BRUXELLES - Incarcéré sous Franco, Zush découvrit avec fascination l’univers des schizophrènes. Percevant, dans le principe de dédoublement, une possibilité de se défaire des conventions sociales, Zush a renoncé aux mots d’ordre et aux engagements politiques, pour explorer un univers fantasmatique que l’on rapprochera des architectures du Facteur Cheval ou de l’univers halluciné d’un Augustin Lesage, mais qui se signale par son haut degré de conscience, d’humour et d’ironie, comme si sa schizophrénie volontaire était une forme de critique cultivée.

Un état mental indépendant
Cet artiste à l’univers fantasque s’est constitué un état mental indépendant, Evrugo Mental State, qu’un critique qualifie de "club hédoniste et romantique, idéal pour les gens qui aiment bâtir des châteaux en Espagne et qui ont un faible pour être à la page – au-delà si possible". Zush est un poète, un créateur d’univers aux fantasmes dangereusement actifs, qui font basculer la réalité dans la fiction et consacrent l’imaginaire comme seule valeur arbitraire en marge de la société et du quotidien. Evrugo a sa monnaie, son hymne, son protocole, ses rituels sans que rien n’y ait réellement de fonction ou de sens. Sans ancrage, nomade permanent, Zush travaille inlassablement comme si chaque dessin, chaque livre prolongeait cet ailleurs intérieur qu’est devenu Evrugo. La débauche est accélération, nécessité de trouver dans la répétition une durée qui mêle rêve et fantasme.

Le livre
Le livre occupe une place privilégiée dans cet univers intérieur, peuplé de figures énigmatiques et d’objets fétiches répétés jusqu’à l’obsession.

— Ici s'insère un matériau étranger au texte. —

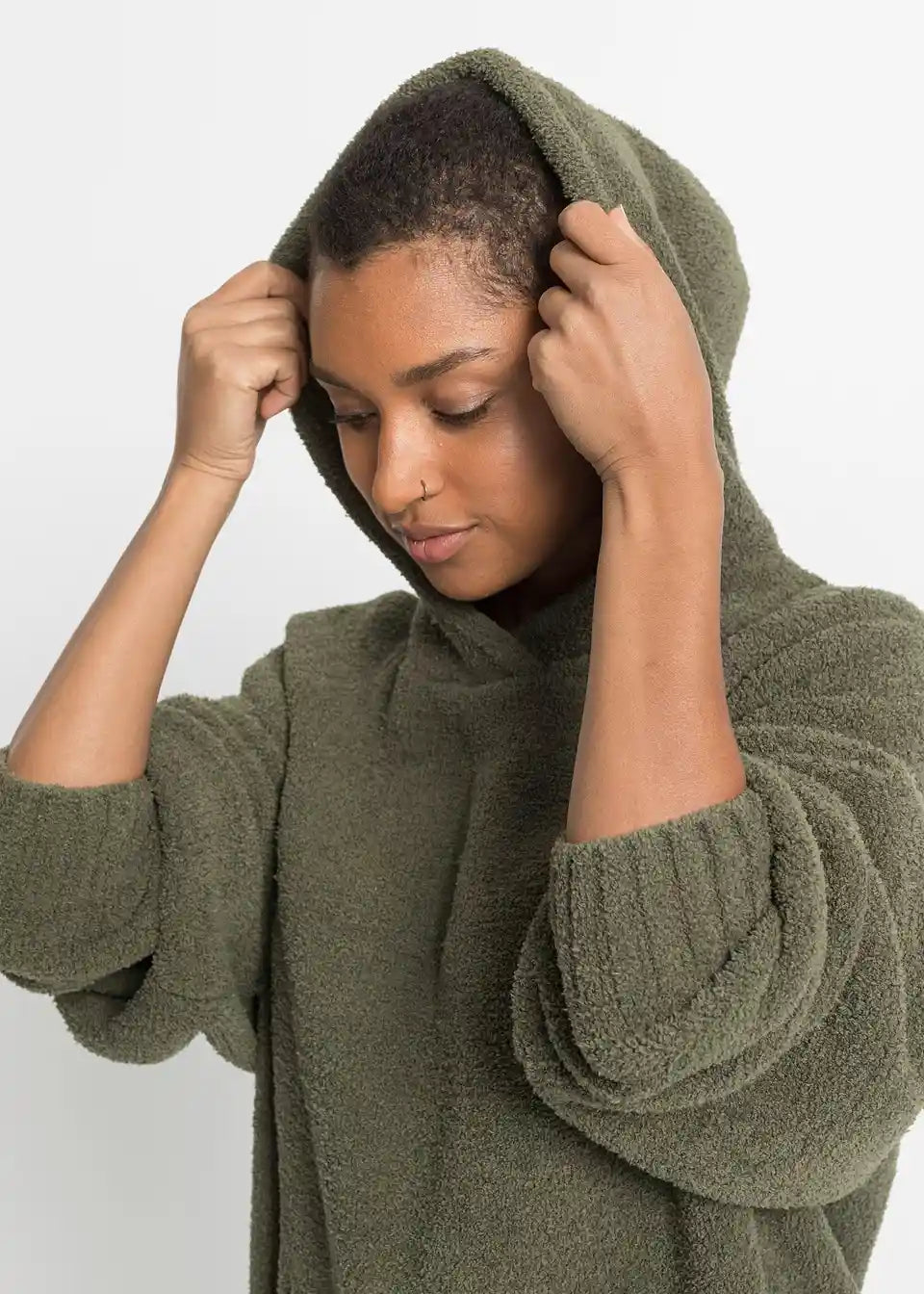 Pulover s kapuco iz mehkega pliša

Le livre est un miroir qui renvoie à l’unique sujet qui anime l’œuvre : Zush lui-même, qui se raconte dans des mots indéchiffrables, selon un alphabet sans clés. En quelque cent volumes et plus de trois mille dessins, collages, textes ou gravures, Zush rend compte de la vie intellectuelle d’Evrugo. Chaque page est une carte qui dévoile l’imaginaire selon une fantaisie non dénuée de kitsch. Les techniques sont multiples. Elles font appel aussi bien à la technologie qu’à l’archaïsme, à l’informatique qu’à l’enluminure. L’univers intérieur qui se déploie en de vastes projections sur les murs du Botanique ranime inlassablement les mêmes emblèmes archétypes qui hésitent entre l’anticipation et le cauchemar.

Sous les verrières du Botanique, Zush a reconstitué son atelier afin d’y poursuivre son travail en public. Celui-ci pénétrera ainsi sans visa les frontières d’Evrugo. L’artiste y éditera de nouveaux livres en mêlant images informatisées et créations sur le vif… pour que dure le mystère d’Evrugo.

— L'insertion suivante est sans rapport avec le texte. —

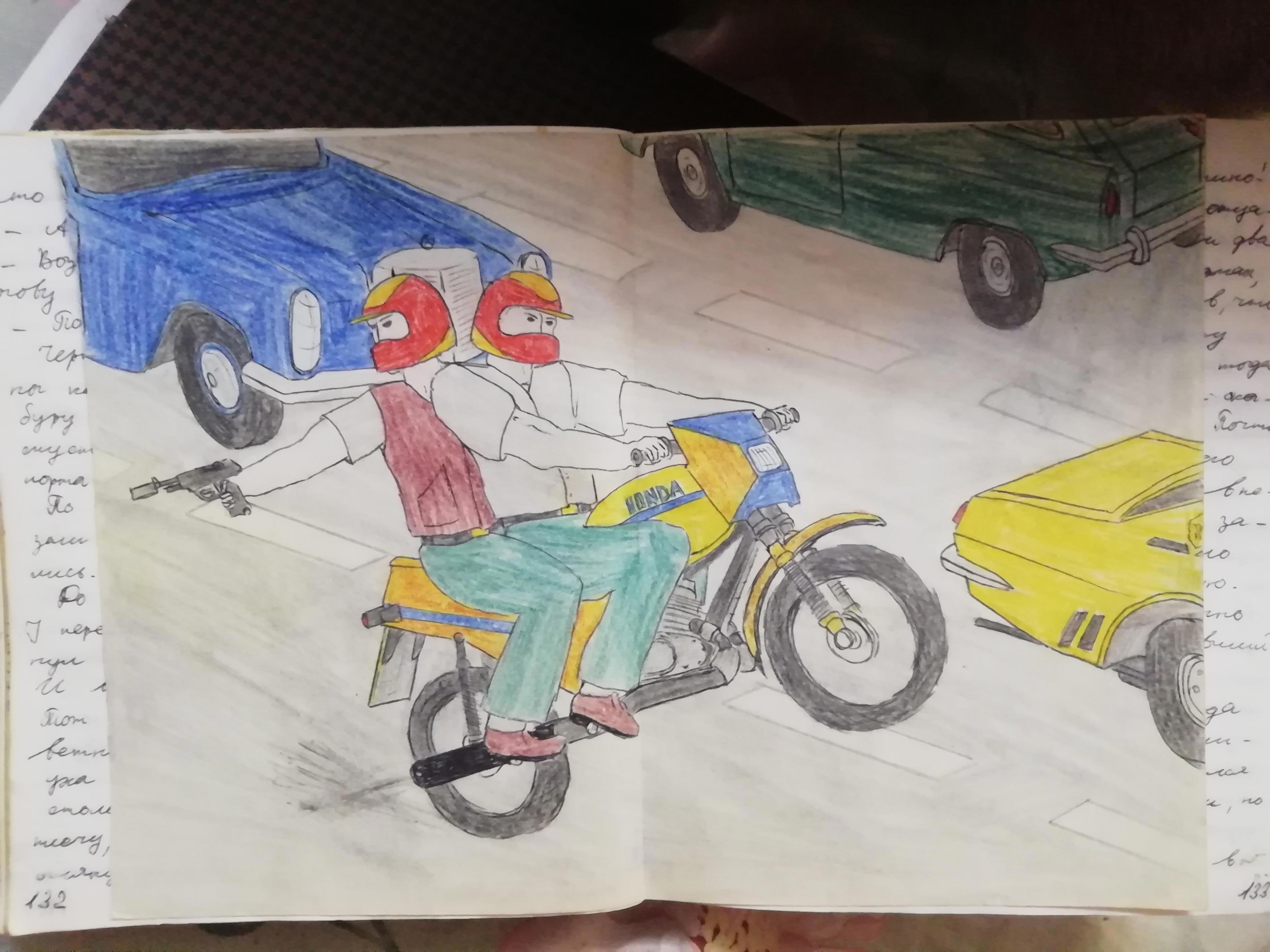 У меня оно начиналось вот так. Романы, причём с иллюстрациями. Тетрадки на 96 листов, и все от руки. Какой комп в конце 80-х? Что странно, первая, вторая и четвёртая оказались под рукой:

Zush et ses livres, jusqu’au 24 juillet au Musée du Botanique, tous les jours de 11 à 18h sauf le lundi, nocturne le vendredi. Entrée 150-120-60 francs belges (25, 20 et 10 F environ). Catalogue de 42 p.avec 20 ill.et jusqu’au 16 juillet, du mardi au samedi de 15 à 19 h, à la Galerie Camille von Scholz, 30, rue Vilain -XIII 1050 Bruxelles.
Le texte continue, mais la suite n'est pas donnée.